The winter season returns to Brewster, as it does every year. It’s crunch time for every senior here, trying to keep up with grades and finalizing applications; we are in the home stretch in applying for a higher education. There is a mix of emotion of being excited and nervous – did you know your body actually doesn’t know the difference between the two emotions on a physiological level? Both increase cortisol levels and heart rate! It’s really easy to not know what you are feeling, and I know that this phase in our academic lives really brings that out.
To recap, I am Adeline, a senior here at BHS. I’ve been in the district since kindergarten, and the idea of leaving my hometown sounds both amazing and yet incredibly frightening. I’m hoping to go off to college somewhere close, and preferably within the New England area. Even then however, I haven’t been so far away from home and family. On one hand, I cannot wait to have some sense of individuality; becoming more of a responsible adult. I’ve been very reliant on my parents since I was little, and being in a small town (without sidewalks), I can’t even do simple things like walking to a friend’s house – I have to ask for a ride. What makes it worse is that I don’t have my permit; I want one and have intentions of getting it soon, but haven’t gotten around to it. I still feel like a small child at the age of 17, and I really am excited to do things on my own. On the other hand, I’m scared of not having the comfort of my home or parents. My entire world will be altered, centered around, and achieving a degree. After this, I won’t be a child anymore. I will have to start aiming to live on my own, and achieve things without help. I will soon be stripped of everything I have known and am used to. While I know that isn’t exactly the case, the idea of it all is overwhelming.
As I write about all of this, I really do seem like some big worry-wart. A negative Nancy, if you will. I swear that I am keeping more of a positive outlook on this. Since I was a kid, it was predetermined in my head that art was what I wanted to do in my life, and now I can finally achieve it to the extent that I will through college. I’ll be learning to do what I love, and I’ve been supported a lot along the way.
As of writing this, I’ve been accepted into 2 colleges – one is Nazareth University, and I’ve been offered 19k/year on scholarship! It is more of a safety, but I should be visiting soon, and I’ll see how I feel from there. The second is University of Hartford with an Art/Merit scholarship of 30k/year! This school has definitely been moved up to more of a possibility, for it’s a great school, and it offers everything that I am looking for! Especially now that it’s more affordable, I am very inclined to go, but I am still waiting for the rest of my schools. The others I am interested in are SUNY Binghamton, New Paltz, Purchase, MassArt, Suffolk, Fordham, and RISD. There are other colleges reaching out to me however, offering me money and fee waivers, so this list might change, but as of now, those are my schools!

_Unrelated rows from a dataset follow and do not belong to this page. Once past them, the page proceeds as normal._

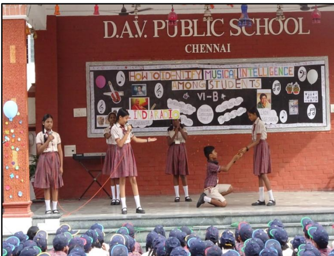
A Skit on – “World Renowned Musicians”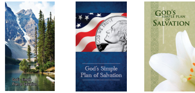
LP TRIFOLD IGWT Lily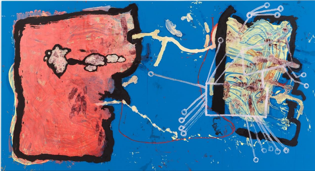
Michaela Eichwald, ohne Titel, 2019 Michaela Eichwald, untitled, 2019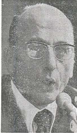
ROBERT C. MARDIAN ... said to offer theories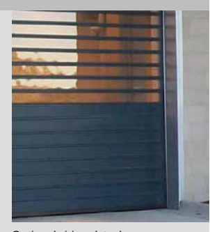
Optional vision slats shown

Onto what is currently going at BHS, my overachieving self has concluded that I am in desperate need of a break, both physically and academically. I’ve been grinding away in track and personal fitness for the past few months, and it’s taken its toll on my body. More often than not, I am in pain, and my coaches have been urging me to rest. While I appreciate the sentiment, I almost feel guilty taking time off, to both myself and my team (as seen above). I feel like I am not achieving my potential if I am not working, even if I know it’s beneficial to rest. I’m not sure if this is relatable to other athletes, or if this is just a me thing. Track has been my life for the past few months; while I do focus on school and other clubs, I make it through every day just to be there. Winter isn’t really my season though – for starters, I hate the cold. It’s draining. As well as this, winter doesn’t offer discus or javelin, my two best events. Shot put has been my event, but even though I’m out of my comfort zone, being at the track with my friends and coaches, improving my ability, and getting ready for meets has really been my focus as of recent. I really appreciate everyone there, making my last year as an athlete worthwhile.
Since my last column, I feel as though I am a lot happier, or content this season. I’m getting done what I have to get done, even if it takes a while, or even if I’m struggling. The end goal is what I’m striving for, and I feel like I am accomplishing a lot. I think I am proud of myself. I don’t feel that too often. Not that I hate myself or anything, or I put myself down, but I’m not one to brag or really feel like I do good. I try to be modest, but in doing so, I don’t give myself the credit I deserve. But I am proud of myself. I really didn’t plan this far ahead, and it’s relieving to know that, yes, I am going to have a future that I want. I wish that for all of my fellow seniors. I hope you all feel proud of yourselves, and that this chapter of your lives doesn’t have to be a nervous one; if you change your perspective, it will be gratifying to know that this is very exciting.